- [Problem]: Once the images are set aside, print the remaining lines below exactly.

- [Given data]:
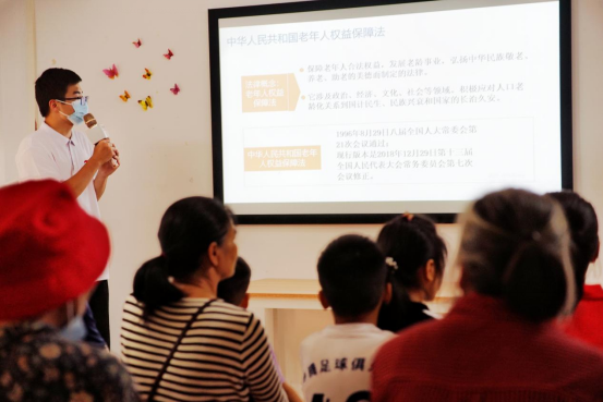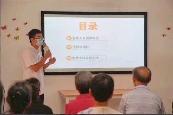 本次普法宣讲总共分为三个部分,第一部分是讲述老年人权益保障法,第二部分是讲述法律援助法,第三部分是讲述消费者权益保护法。我们团队借助法律法规的明文规定,结合具体的案例事实,并运用自己专业所学到的有关知识,采取通俗易懂、深入浅出的宣讲方式,向前来参加普法宣讲会的老年人们科普有关法律知识,让他们更加直观地认识自身的权益和保护权利的重要性,维护自己权利的合法性和正当性,向他们介绍保护自己合法权益的途径,以及如何寻求援助,从而达到知法守法用法的宣讲目的。
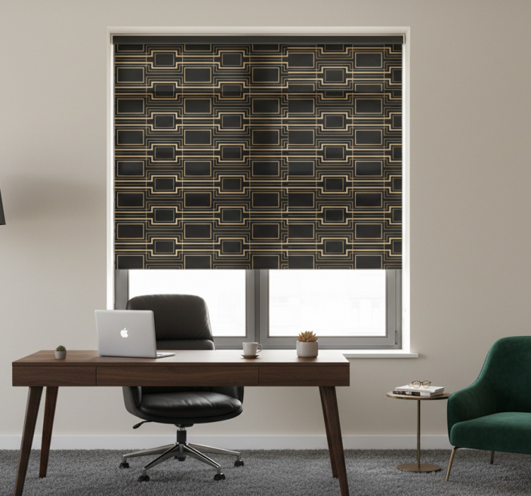 The Office blind with gold frame art decor pattern Office blind transforms your workspace into a chic environment that inspires productivity. Its unique design adds a touch of personality to your office, while providing functionality and comfort. Imagine working in a space that reflects your style while offering privacy and light control—this roller blind does just that, making it an essential addition to your decor!
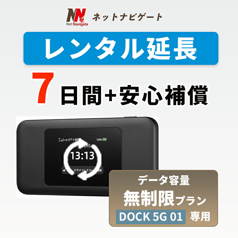 【レンタル延長】DOCK 5G 01 無制限プラン (+安心補償) モバイルWiFiルーター 7日 1週間 延長申込 専用ページ レンタルwifi レンタルwi-fi wifiレンタル ワイファイレンタル ポケットWiFi レンタルワイファイ Wi-Fi
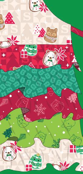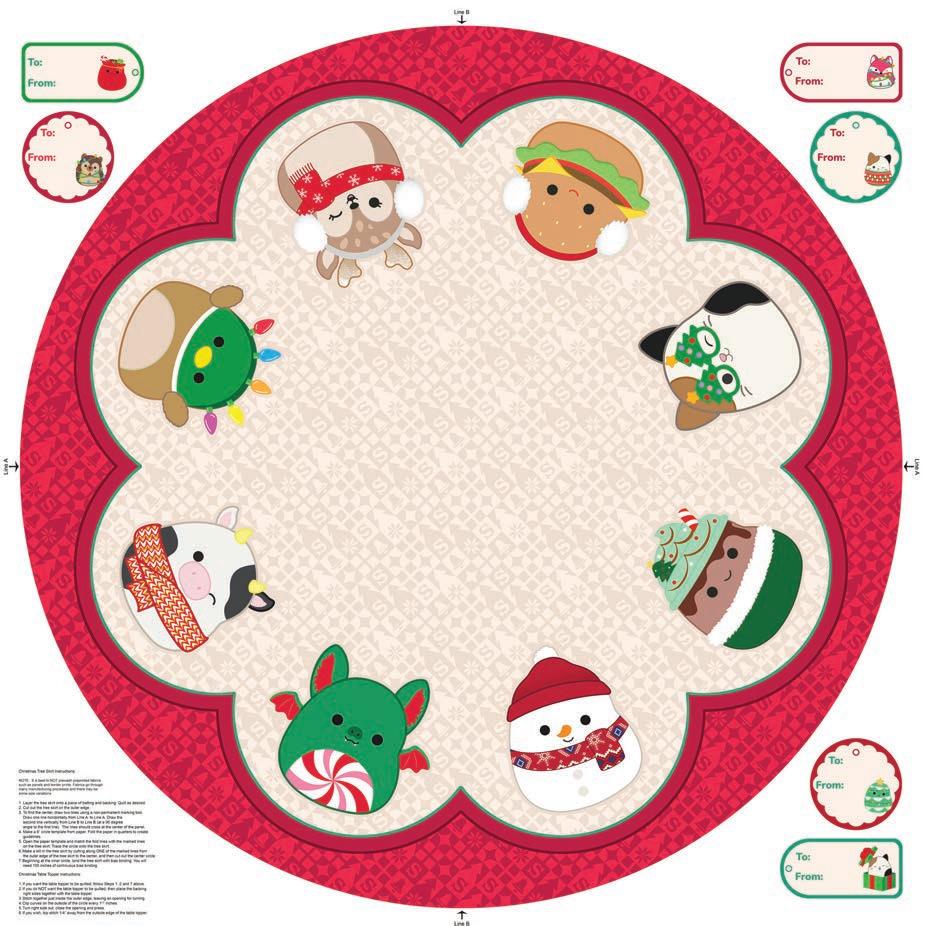 TREE SKIRT KIT INCLUDES: 43” × 43” PANEL, BACKING & BINDING FABRIC

- [Response for this exercise]:
 本次普法宣讲总共分为三个部分,第一部分是讲述老年人权益保障法,第二部分是讲述法律援助法,第三部分是讲述消费者权益保护法。我们团队借助法律法规的明文规定,结合具体的案例事实,并运用自己专业所学到的有关知识,采取通俗易懂、深入浅出的宣讲方式,向前来参加普法宣讲会的老年人们科普有关法律知识,让他们更加直观地认识自身的权益和保护权利的重要性,维护自己权利的合法性和正当性,向他们介绍保护自己合法权益的途径,以及如何寻求援助,从而达到知法守法用法的宣讲目的。
 The Office blind with gold frame art decor pattern Office blind transforms your workspace into a chic environment that inspires productivity. Its unique design adds a touch of personality to your office, while providing functionality and comfort. Imagine working in a space that reflects your style while offering privacy and light control—this roller blind does just that, making it an essential addition to your decor!
 【レンタル延長】DOCK 5G 01 無制限プラン (+安心補償) モバイルWiFiルーター 7日 1週間 延長申込 専用ページ レンタルwifi レンタルwi-fi wifiレンタル ワイファイレンタル ポケットWiFi レンタルワイファイ Wi-Fi
 TREE SKIRT KIT INCLUDES: 43” × 43” PANEL, BACKING & BINDING FABRIC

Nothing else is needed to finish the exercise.